Galileo was the first to see clearly that someone traveling in uniform motion would not be able to discern any difference from being at rest (without looking out the window). He imagined someone on a ship eating peas, and if a few dropped off their fork, there would be no difference from what would happen on land. This is called Galilean relativity, to distinguish it from the later Lorentzian or Einsteinian relativity, in which the speed of light is a constant.

Let’s consider a standard situation with two observers and their respective frames of reference, one moving with a constant velocity relative to the other, as in this *illustration* from this *article*. So there are two observers/frames, *S* and *S’*, with *S’* moving at a velocity *v* such that observer *S* uses coordinates *x* (length) and *t* (time) and observer *S’* uses *x’* and *t’*. The coordinates are arranged so that they are coincident at time *t* = *t’* = 0. Then, as is well known, *x’ = x – vt*.

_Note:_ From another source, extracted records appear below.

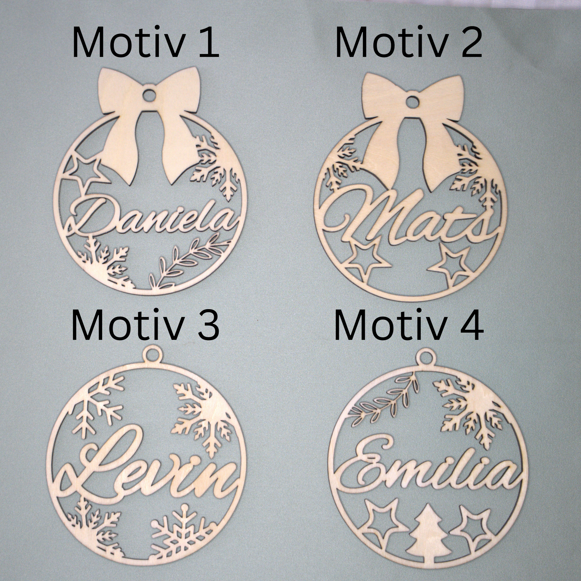Personalisierter Weihnachtsbaumanhänger aus Holz | 4 Motive zur Auswahl
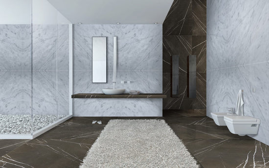The Pietra Grey marble slab is an excellent solution for floors and walls, both in the bathroom, kitchen, living room and bedroom. It is suitable for both indoor and outdoor use.
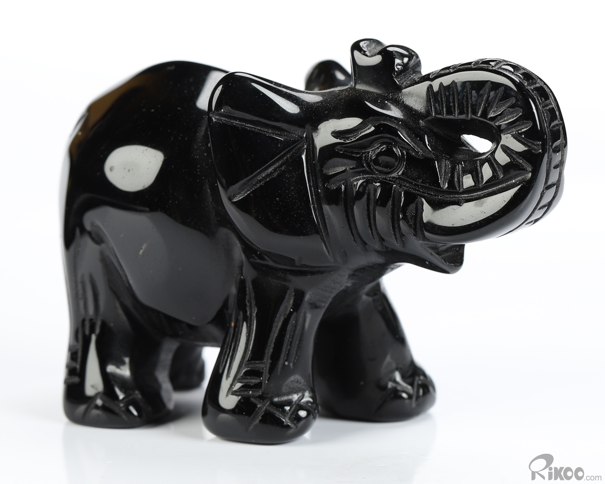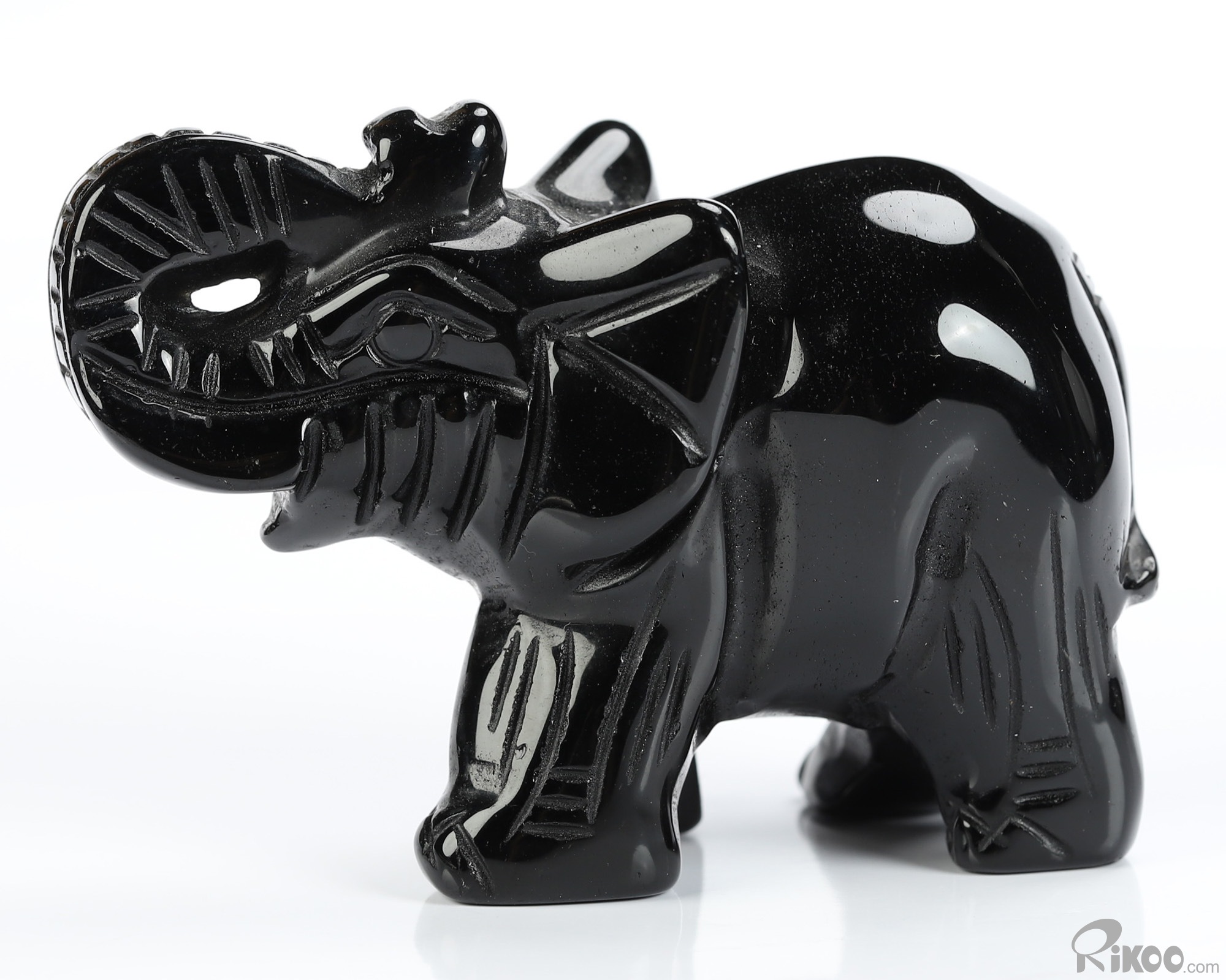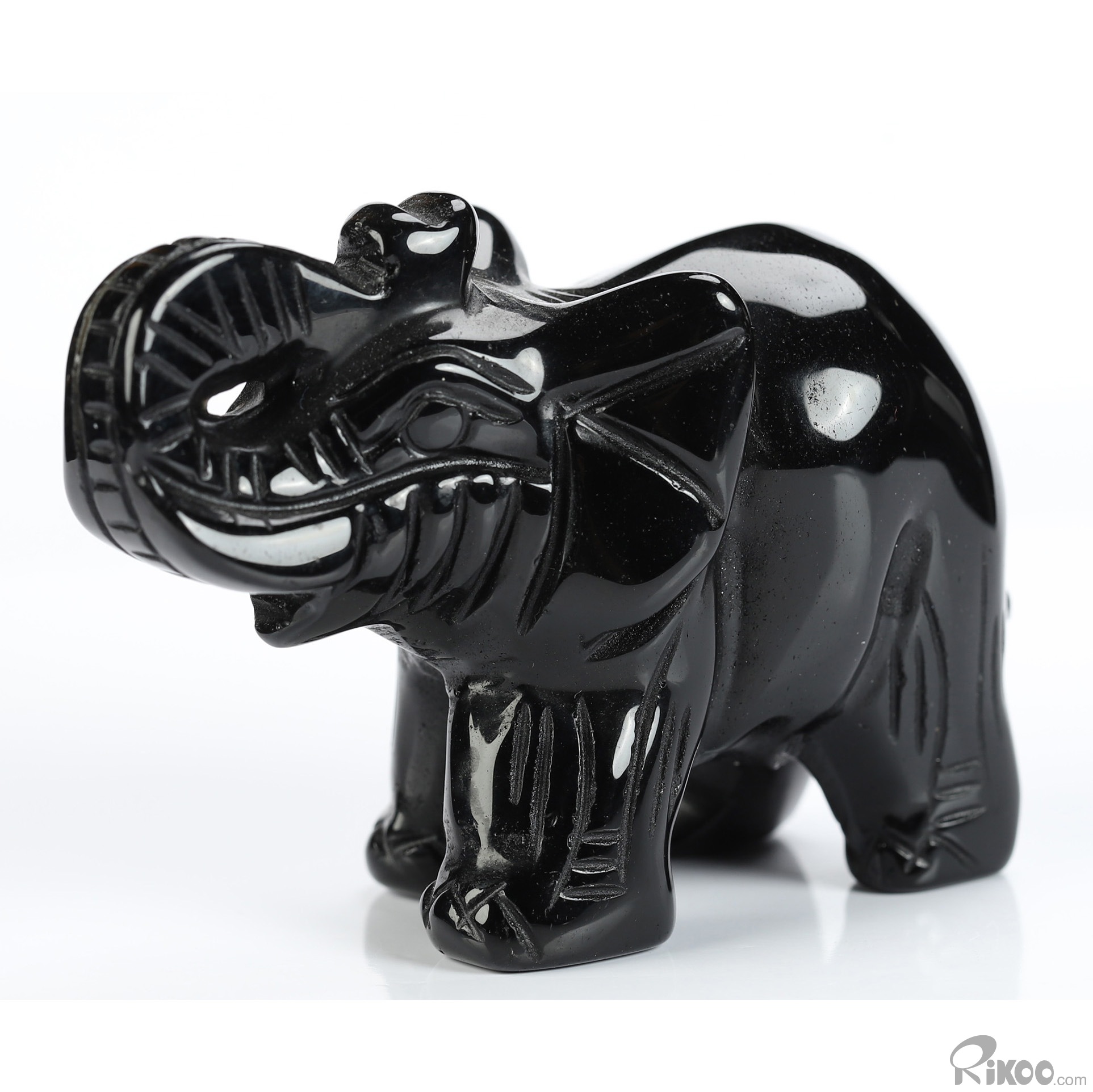 2.9" Black Obsidian Hand Carved Crystal Elephant Sculpture, Crystal Healing

What about the time coordinate? (Here only the time coordinate in the *x* direction is considered.) If, as Newton assumed, the measurement of time is the same for all observers, then *t’ = t*. However, this implicitly assumes a third frame which provides the independent time measurement. With the relativity of both time and space, we cannot use clocks as if they were from a reference frame independent of all others (see *Movement and measurement*).

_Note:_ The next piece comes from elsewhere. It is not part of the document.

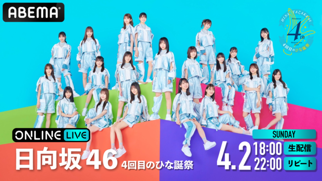 新しい未来のテレビ「ABEMA」は、「ABEMA PPV ONLINE LIVE(アベマ ペイパービュー オンライン ライブ)」にて、人気アイドルグループ・日向坂46の『4回目のひな誕祭』を、2023年4月2日(日)18時より生配信することを決定いたしました。また、本配信のチケットを2023年3月18日(土)12時より販売開始いたします。

Instead it is best to measure length and duration together. Let us do that by having (or imagining) measuring wheels moving along each axis (in both directions) in each frame of reference. To keep things simple, let there be two measuring wheels moving at constant speed, *b*, in opposite directions as a point event is jointly observed. Then *b* is a conversion factor between length and duration: *x = bt* and *x’ = bt’*. Combine these with the transformation above for *x’* and the result is: *t’ = t – vx/b ^{2}*.

So the revised Galilean transformation for frames moving with the *x* axis is:

*x’ = x – vt, y’ = y, z’ = z, *and* t’ = t – vx/b ^{2}.*

Note that if the conversion factor is the speed of light, *c*, the time transformation becomes *t’ = t – vx/c ^{2}*. This is correct apart from considering the constancy of the speed of light, which leads to the Lorentz factor.

Addendum: The problem with this transformation is that it does not form a transformation group. The transformations for space and time need to be similar. This revised transformation will do:

*x’ *= (1 –* v/b*)* x, y’ = y, z’ = z, *and* t’ *= (1 –* v/b*)* t.*